→ **DATA EXTRACTS**:
-------------------------
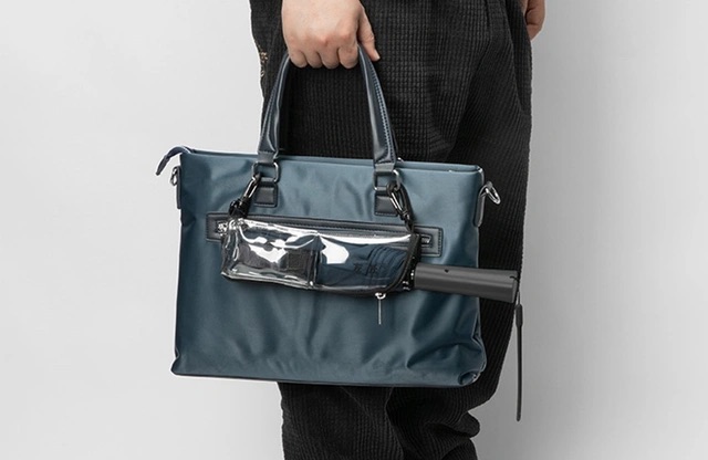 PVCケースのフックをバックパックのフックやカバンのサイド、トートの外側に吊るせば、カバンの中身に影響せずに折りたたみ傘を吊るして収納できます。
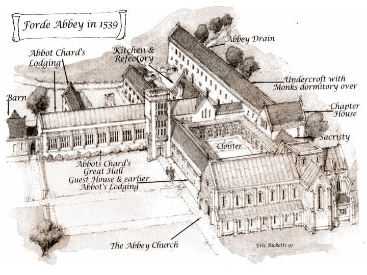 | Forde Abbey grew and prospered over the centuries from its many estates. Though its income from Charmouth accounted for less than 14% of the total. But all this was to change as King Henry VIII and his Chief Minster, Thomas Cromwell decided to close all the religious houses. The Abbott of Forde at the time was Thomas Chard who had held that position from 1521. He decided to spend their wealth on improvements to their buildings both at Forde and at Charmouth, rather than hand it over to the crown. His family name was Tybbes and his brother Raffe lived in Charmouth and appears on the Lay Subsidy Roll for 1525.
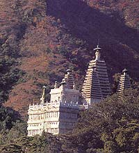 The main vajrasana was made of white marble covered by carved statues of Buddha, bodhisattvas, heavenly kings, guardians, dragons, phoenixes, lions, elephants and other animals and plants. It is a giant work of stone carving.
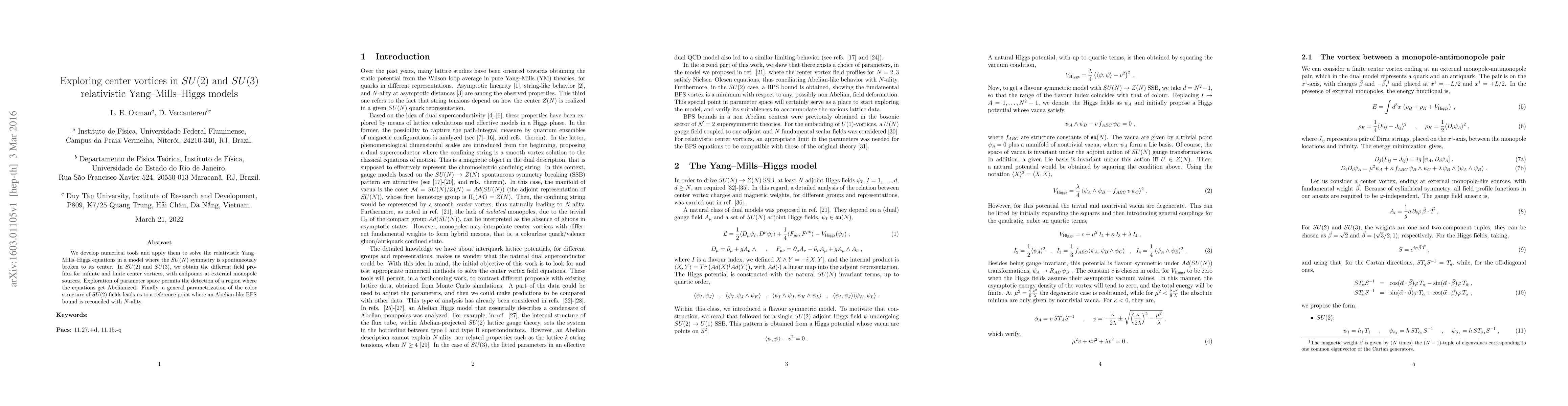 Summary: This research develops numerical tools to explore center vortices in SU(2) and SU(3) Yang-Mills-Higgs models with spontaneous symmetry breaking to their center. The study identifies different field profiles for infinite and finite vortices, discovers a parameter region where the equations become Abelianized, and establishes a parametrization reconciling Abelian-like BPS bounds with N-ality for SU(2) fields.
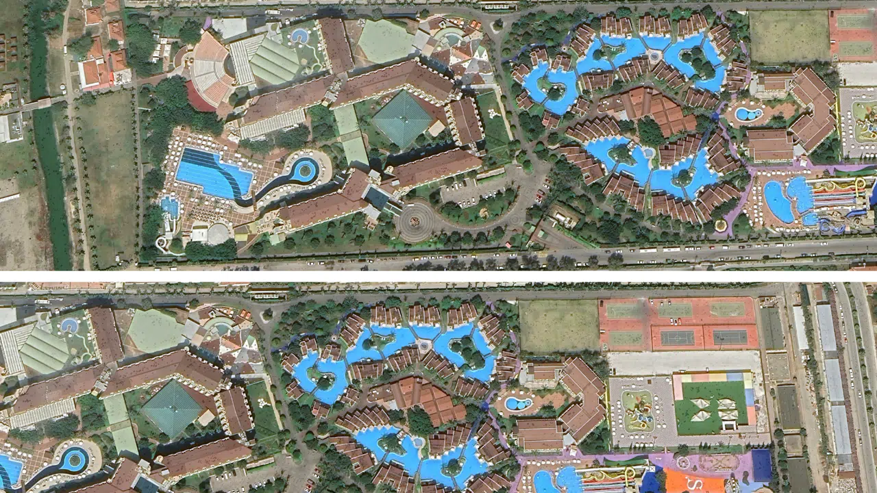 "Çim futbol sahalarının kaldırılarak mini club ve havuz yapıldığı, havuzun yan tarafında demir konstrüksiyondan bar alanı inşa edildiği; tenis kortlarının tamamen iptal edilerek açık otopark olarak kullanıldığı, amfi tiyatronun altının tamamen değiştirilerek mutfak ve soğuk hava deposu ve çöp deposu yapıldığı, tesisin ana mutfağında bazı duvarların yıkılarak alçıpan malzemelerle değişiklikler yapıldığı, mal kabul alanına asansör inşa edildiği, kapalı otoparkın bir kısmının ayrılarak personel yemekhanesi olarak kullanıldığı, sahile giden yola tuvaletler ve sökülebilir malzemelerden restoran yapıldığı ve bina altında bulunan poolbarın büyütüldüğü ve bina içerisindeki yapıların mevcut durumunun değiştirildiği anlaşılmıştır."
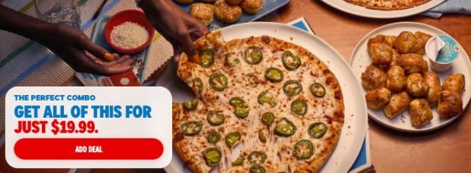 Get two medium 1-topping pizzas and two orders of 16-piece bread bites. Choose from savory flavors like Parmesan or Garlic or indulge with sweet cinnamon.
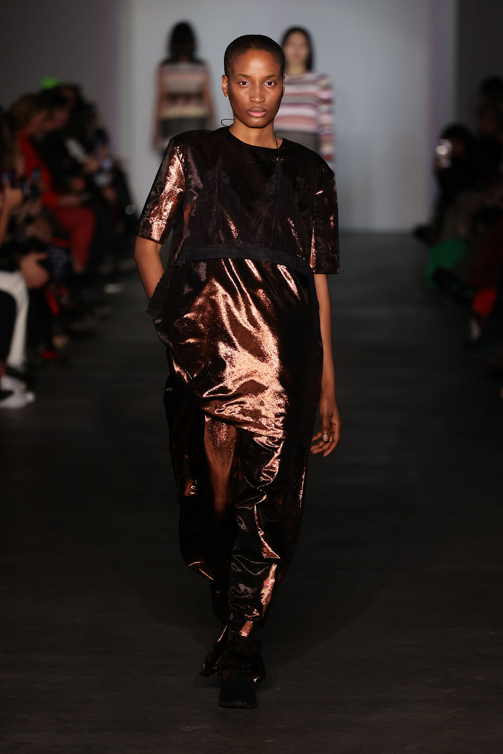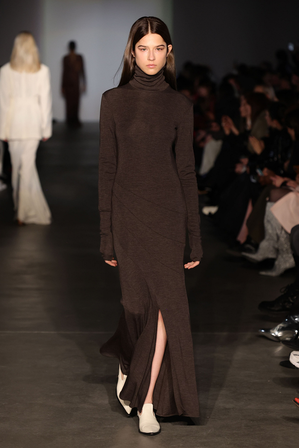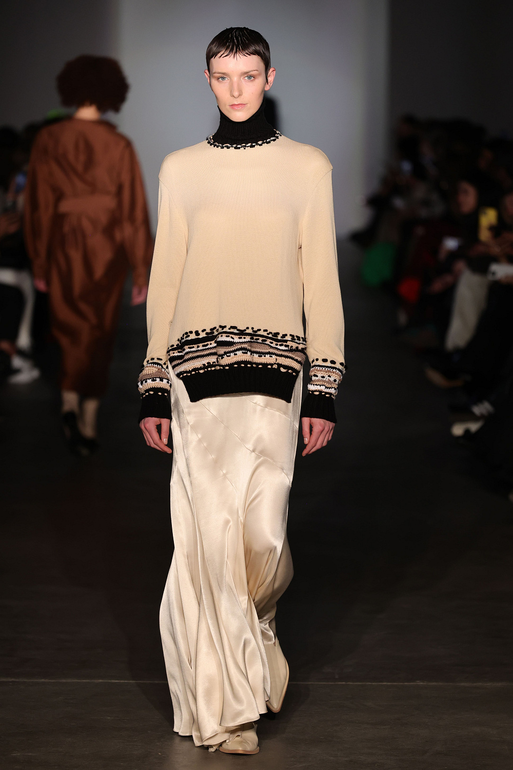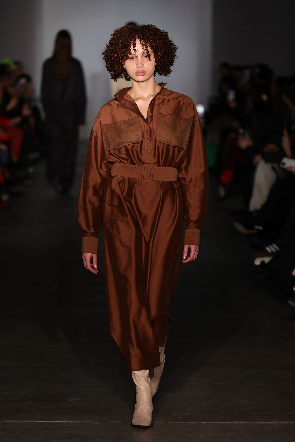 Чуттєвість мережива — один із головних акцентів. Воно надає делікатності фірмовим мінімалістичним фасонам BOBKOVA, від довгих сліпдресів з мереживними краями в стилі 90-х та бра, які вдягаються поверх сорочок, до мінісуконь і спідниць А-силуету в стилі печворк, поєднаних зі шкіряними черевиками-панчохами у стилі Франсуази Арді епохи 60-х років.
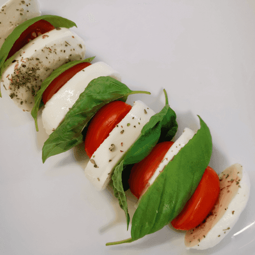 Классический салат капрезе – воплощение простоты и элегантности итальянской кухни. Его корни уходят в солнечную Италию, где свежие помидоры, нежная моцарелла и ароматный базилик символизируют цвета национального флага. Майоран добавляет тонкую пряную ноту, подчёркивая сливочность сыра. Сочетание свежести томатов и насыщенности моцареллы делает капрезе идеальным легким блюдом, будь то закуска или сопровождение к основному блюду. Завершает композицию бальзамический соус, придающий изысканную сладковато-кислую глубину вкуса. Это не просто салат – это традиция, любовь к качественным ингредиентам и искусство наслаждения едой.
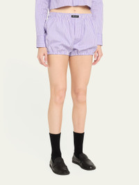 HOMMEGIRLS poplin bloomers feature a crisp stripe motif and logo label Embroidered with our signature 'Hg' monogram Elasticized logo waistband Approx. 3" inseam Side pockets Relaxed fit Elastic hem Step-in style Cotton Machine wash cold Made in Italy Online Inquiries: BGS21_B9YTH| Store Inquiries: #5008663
-------------------------
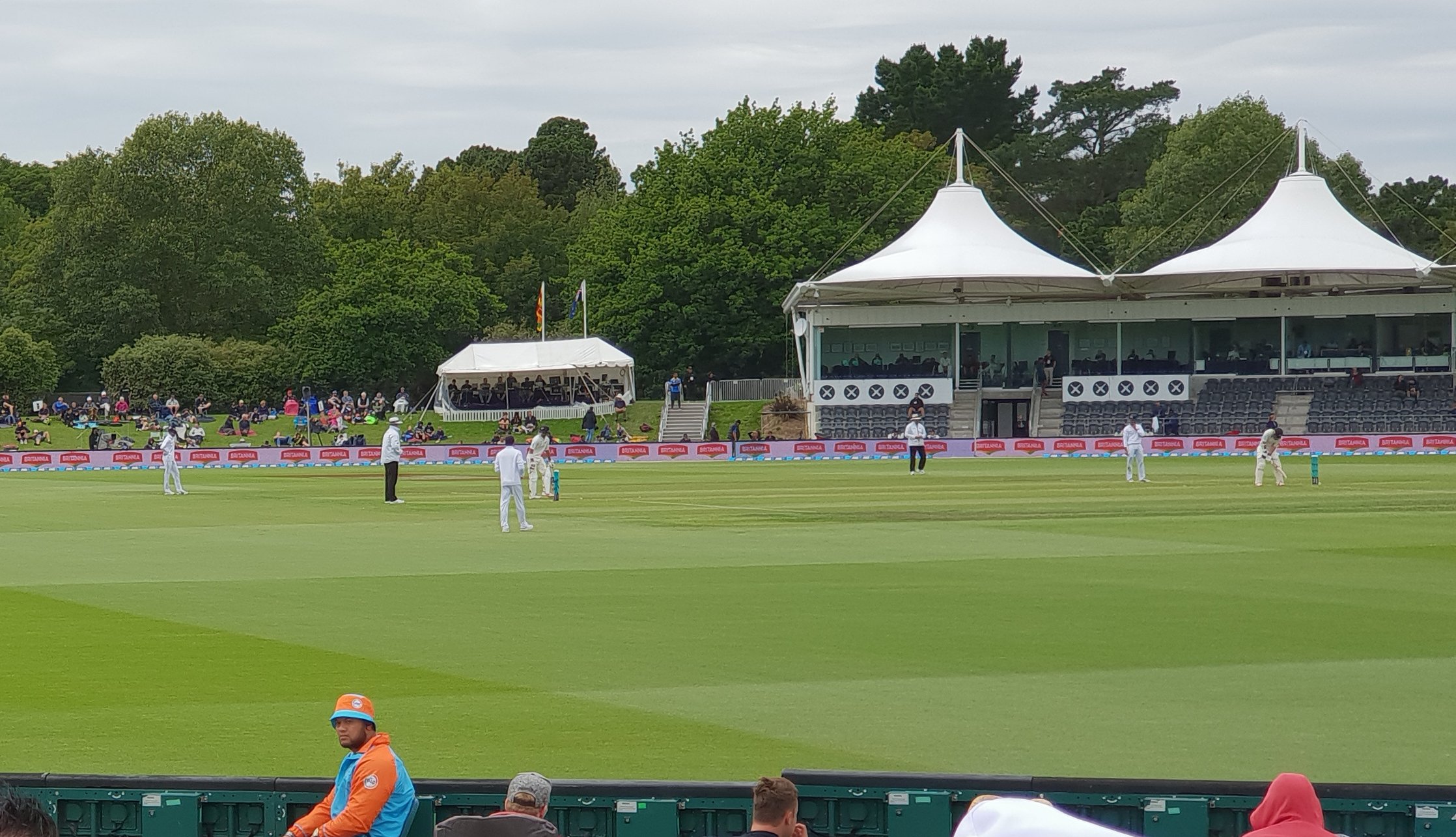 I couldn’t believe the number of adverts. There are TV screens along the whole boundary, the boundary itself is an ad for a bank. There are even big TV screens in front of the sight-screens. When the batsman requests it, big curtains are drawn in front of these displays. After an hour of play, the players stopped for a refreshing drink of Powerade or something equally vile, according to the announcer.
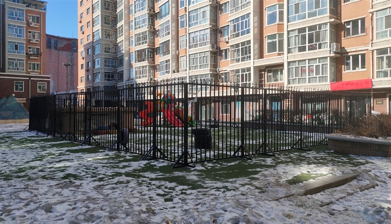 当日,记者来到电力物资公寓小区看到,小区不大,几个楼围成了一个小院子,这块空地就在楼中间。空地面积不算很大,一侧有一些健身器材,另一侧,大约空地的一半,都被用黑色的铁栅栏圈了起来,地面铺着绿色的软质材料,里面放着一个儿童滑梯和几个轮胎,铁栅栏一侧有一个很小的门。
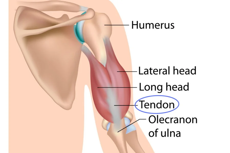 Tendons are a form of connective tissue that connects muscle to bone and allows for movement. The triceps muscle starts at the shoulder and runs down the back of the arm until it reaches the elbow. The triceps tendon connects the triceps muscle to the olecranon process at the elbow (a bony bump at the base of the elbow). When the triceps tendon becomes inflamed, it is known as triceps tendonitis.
-------------------------
→ **WHAT YOU ARE ASKED TO DO**: The answer should consist only of the lines above from the one with "The main vajrasana" through the one with "Summary: This research", repeated exactly, with no pictures among them.

→ **YOUR RESPONSE**:
 The main vajrasana was made of white marble covered by carved statues of Buddha, bodhisattvas, heavenly kings, guardians, dragons, phoenixes, lions, elephants and other animals and plants. It is a giant work of stone carving.
 Summary: This research develops numerical tools to explore center vortices in SU(2) and SU(3) Yang-Mills-Higgs models with spontaneous symmetry breaking to their center. The study identifies different field profiles for infinite and finite vortices, discovers a parameter region where the equations become Abelianized, and establishes a parametrization reconciling Abelian-like BPS bounds with N-ality for SU(2) fields.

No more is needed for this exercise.